A romance scam victim, a fraud expert and the writers of a new BBC thriller explain how gaslighting is used to cheat people out of their money.
After divorcing her husband of 24 years, Linda Young found herself alone in her home in a small, coastal town. Her grown-up children had finished university and were out of the house - and she didn't know too many people nearby.
She was ready for a new relationship, so she decided to try online dating. And Linda - a busy special education school administrator - soon met a handsome man on a dating website for over-50s.
In the space of just six months, however, she would be conned out of more than £120,000 ($150,000).

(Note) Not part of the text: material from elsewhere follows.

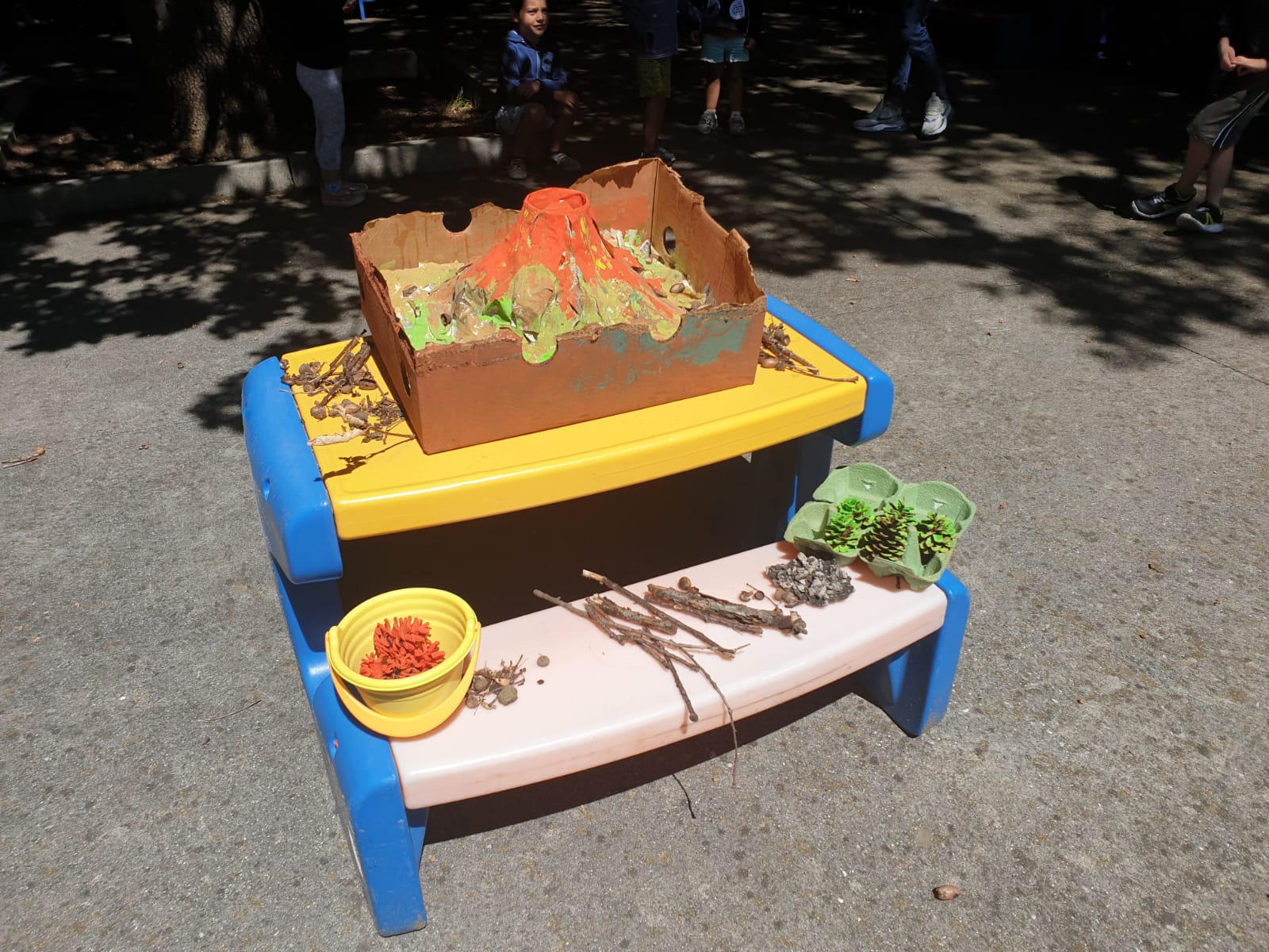 Il programma prevedeva un’avventurosa caccia al tesoro nel parco e infine l’eruzione del vulcano che abbiamo costruito insieme in questi giorni.

Through daily emails, texts and late-night phone calls, Linda recalls how she fell "head-over-heels in love" with her scammer - and the pair bonded over their shared fondness for dogs.
"He would be so loving and caring," Linda remembers. "I just couldn't stop the adrenaline rush. It was addictive. Every time my phone buzzed or a text came through from him, my whole world just lit up."
They were soon dreaming - or so she thought - about their future life together, which is when he asked for money to invest on their behalf.
From the beginning, she had a feeling it wasn't right to be sending him money, but he would reassure and emotionally manipulate her, saying: "But we're just investing in our future. All of this will come back to us."
Linda looks back at her experience as a "temporary insanity" and says she was "under his spell".
Gaslighting - manipulating someone into questioning their own sanity - can be a common technique to cheat people out of their money, says Lisa Mills, romance fraud expert at the charity Victim Support.
"This anguish takes a huge toll on their mental and physical health," she adds.
For Ginny Skinner, who co-wrote the BBC drama series The Following Events Are Based on a Pack of Lies all about the tangled web of deception and manipulation involved in romance scams, a central theme in these cases is the "profoundly frightening experience" of gaslighting. It is something she and her fellow writer, her sister Penelope, encountered while speaking to real-life victims as part of their research.